• HIDX StealthLink - Technical Notes
  • General
  • Windows PowerShell
    • Message Sizes on Windows
    • Message Size
    • Loops
  • Universal Shell
    • _read vs read
      • _read
      • read
    • write

Each Raw HID Report is 8 bytes. As a full report is transmitted from the USB Host to the cable, it will be relayed to the TCP destination. If a message is smaller than 8 bytes it may not immediately leave the buffer on the USB Host, depending on the Operating System of the USB Host.

When using Linux, you can simply cat file.txt > /dev/hidraw2, as padding is not required. Linux is actually able to transparently send single bytes half duplex in either direction through the Raw HID device, much as you would using a TCP socket. As a result of this, the simplest implementation of a reverse shell on Linux is almost identical to what you would do using netcat, or /dev/tcp.

Padding is primarily an issue on Windows, due to the implementation of the file interface to the Raw HID device. The problem is actually worse than just padding, as Windows also adds a leading byte to each 8 byte report, for an as yet undetermined reason. As a result, Windows programs using the file interface need to add a leading null byte to every 8 byte report, writing them all at the same time, as well as discarding the first byte of every 9 bytes read from the file.

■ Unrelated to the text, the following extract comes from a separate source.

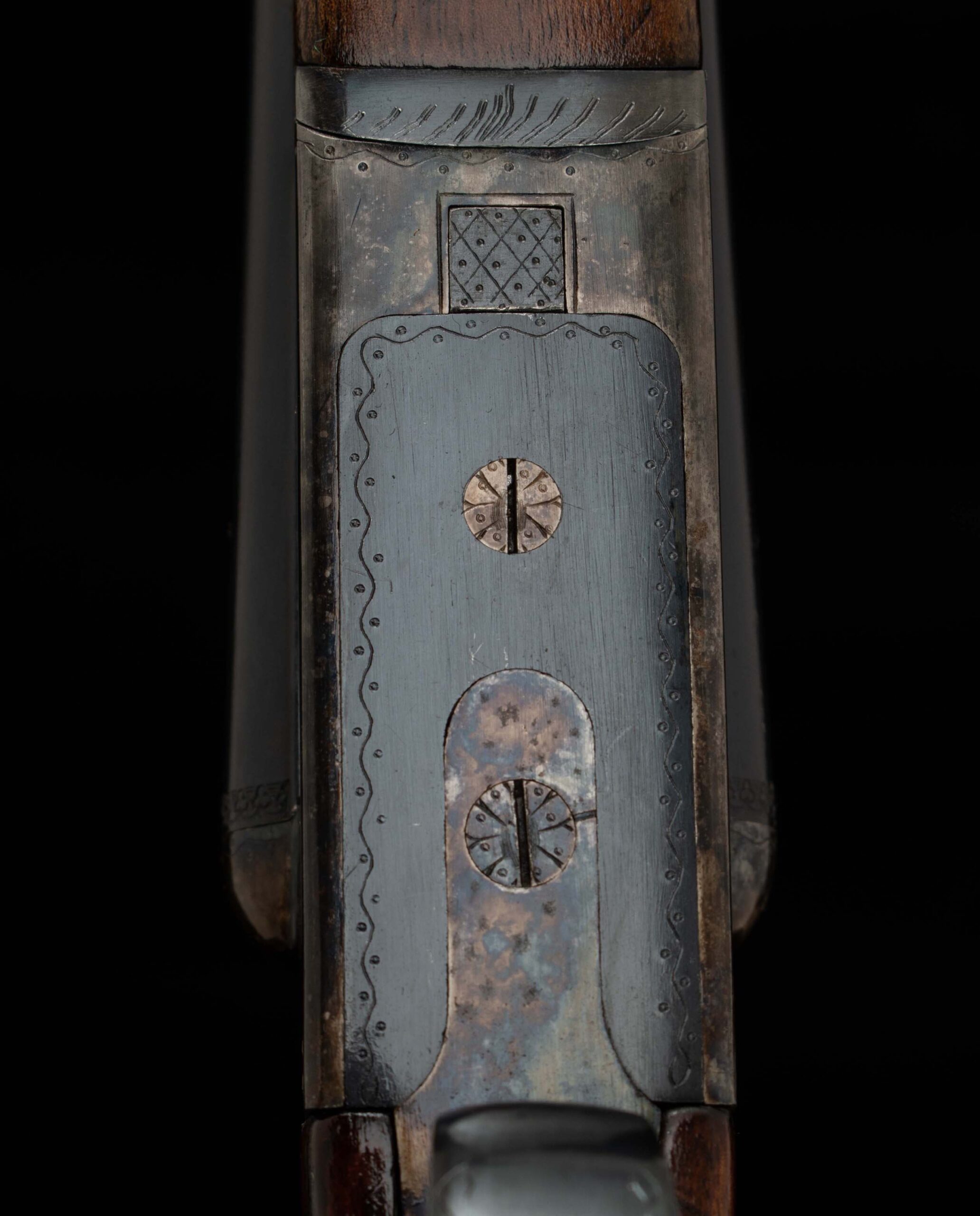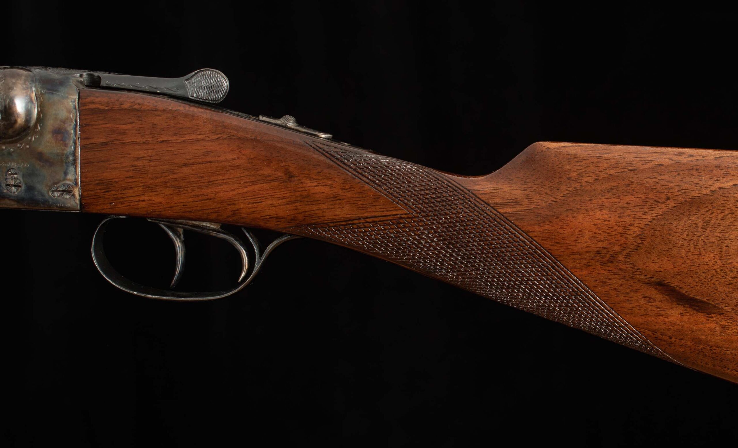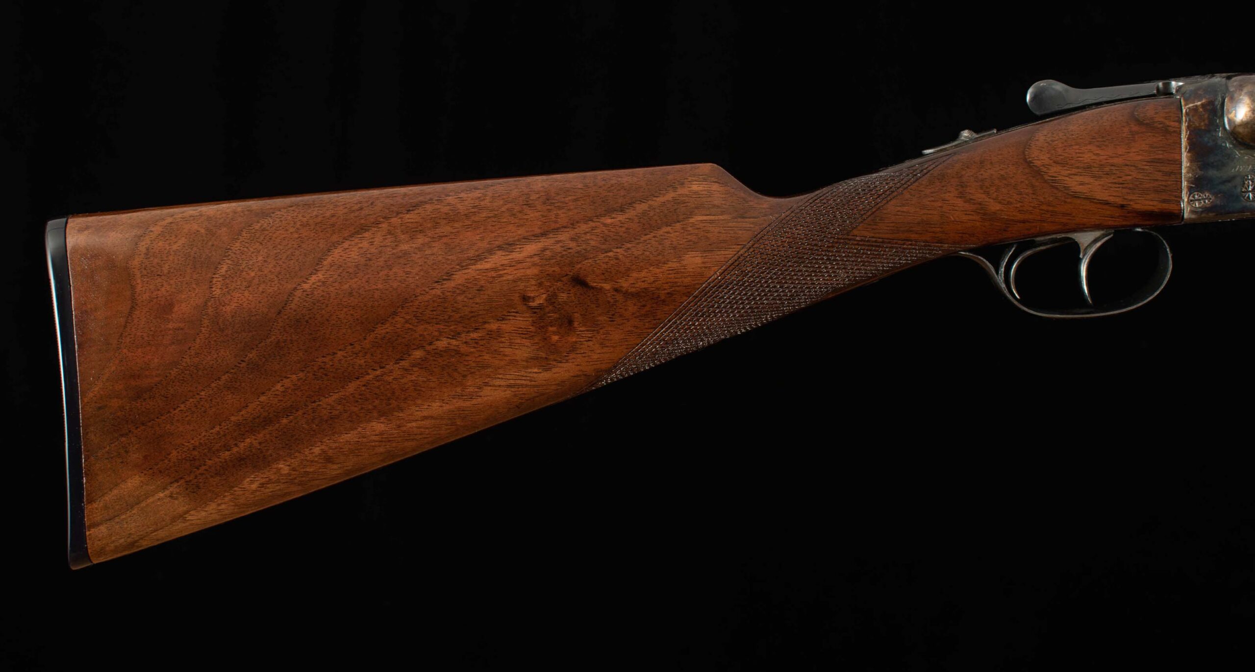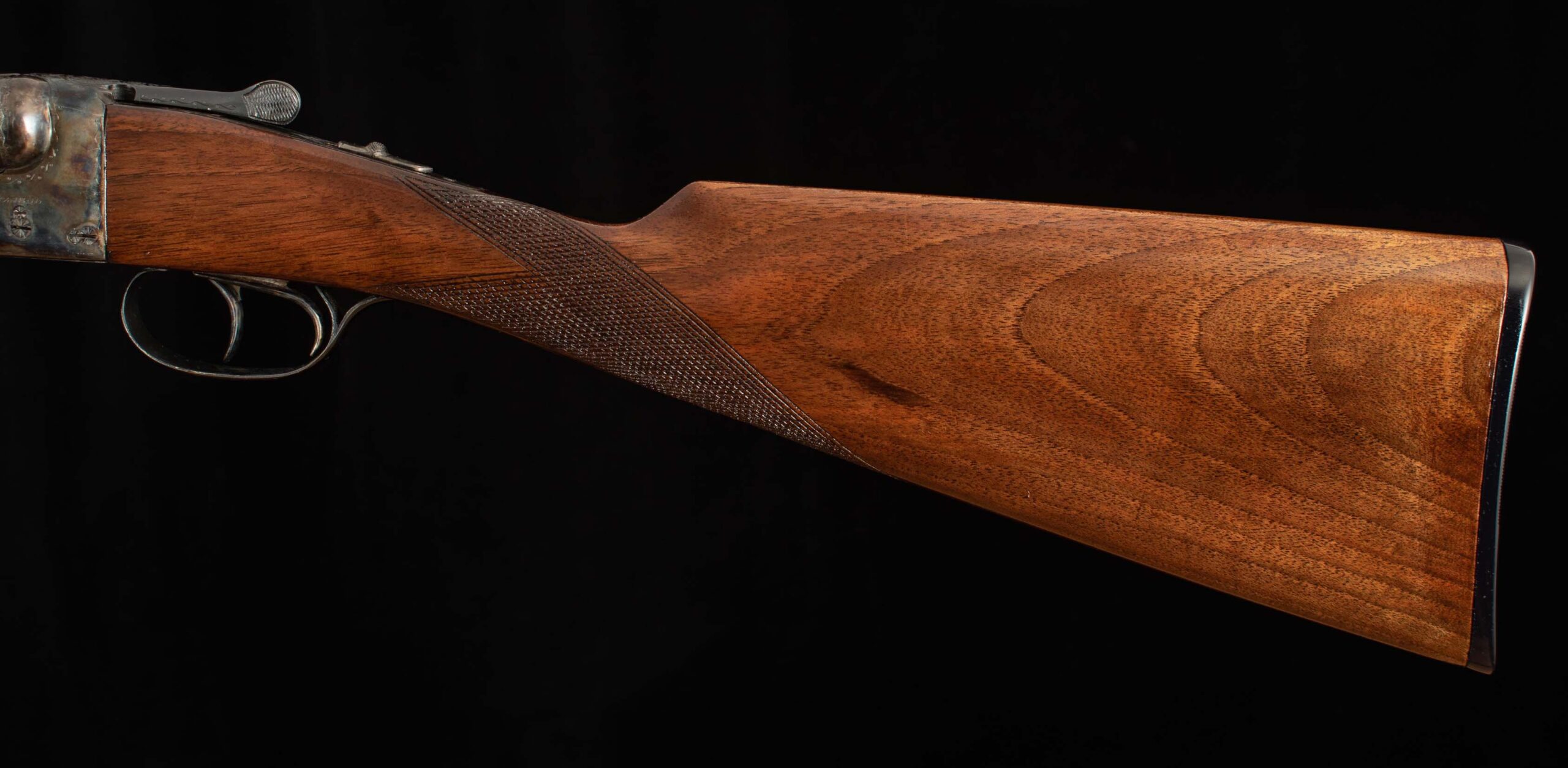 | Type: English/Splinter; some figure LOP: 14 1/2″ LOP To End Of Wood: 14 1/4″ DAH: 2 5/16″ DAC: 1 7/16″ Cast: H 1/8″ off T 3/8″ off Checkering Condition: excellent Butt Treatment: Hard rubber buttplate |

In addition, Windows has a limitation on the number of reports which can be buffered from the device, if the reader is too slow. See [https://learn.microsoft.com/en-us/windows-hardware/drivers/ddi/hidclass/ni-hidclass-ioctl_set_num_device_input_buffers]. By default, Windows will buffer up to 32 unread reports. Any reports sent from the device beyond this limit will be discarded, corrupting your data. As a result, it is important to make sure that the Windows program is actually reading the data from the input buffer, to avoid overflowing it.

One way to do this is to simply write really slowly from the cable to Windows clients. Another way is to add an acknowledgment layer on top of the report, with a "report counter" that needs to be acked back to the other end of the TCP connection.

Because we want to ensure messages come across properly there is a loop on incoming messages that ensures only ascii characters can come across. Many terminals insert or allow the insertion of unicode or other non-printables which can cause issues when interpreting as a command. This loop does slow down processing and can be removed if you ensure messages are clean on the client side. In these reference implementations both sides attempt to clean messages.

In order to make it easier to understand different ways of processing USB data there are two functions used that split the logic.

Directly calls the pyusb read() function to read data out. Data from USB HID reports is dependent on the USB device and speed. By default the _read function has the following configurable options

• buffer_limit - The maximum amount of data to read in one loop (this must be a multiple of report_size) (e.g. if report size is 8, it must be 16, 32, .. 64). By default this is 8 (meaning one report will be processed at a time, if this is higher the loop will attempt to read multiple times before giving up)
• report_size - variable determines the size of the report to read. For O.MG Devices its 8 bytes. -
• timeout -` determines how long to wait for data. The higher the timeout the more likely you will get data intact, if it is shorter the timeout will expire and data may not be read in time. While the O.MG Devices do not send data until it is read, if the host (e.g. Windows) OS reads the data it could be lost. Setting this to at least 100ms (100) usually is good enough to ensure most data is read. By default this is 100 or 100ms.

In addition, _read() validates the data coming in. This tool is designed primarily for demonistrating shell capabilities as such it strips non-printable ASCII characters:

for _r in rawdata:
    if 32 <= _r <= 126 or _r in [10]:
        procdata+=chr(_r).encode()

This is at the expense of time and additional data. For example this will not send archive data well beacuse the data is primarily non printable bytes! Keep this in mind when working on your own implementations.

Finally the _read() function provides additional logic for validating connectivity. This can be moved out but keeping it in the read allows us to more closely check for recoverable errors. For example a USBTimeoutError is recoverable, however a USBError generally isn't and after several tries causes the _read() function to give up. These are implementation specific and this is all built around pyusb and libusb

This function splits out the logic with data processing and allows it to be more compact. Most of the read() functions logic is focused around whether data has come in successfully and how much we want to retry to get that data.

Higher retries means we can recover from more read errors. Sometimes libusb is unable to access a USB endpoint for a period of time (usually no more then a few seconds) which is higher then expected. The flexibility of the read() function allows us to increase retries without changing lots of code.

Because writing is simpler then reading and validating data it does not need to be as complex. All data that comes into the write function is read in as a string of bytes. This is then split to the buffer_limit size which matches the desired USB HID report size. These are then stored in a Python list object to allow us to easily collect new messages while sending out data in an ordered fashion.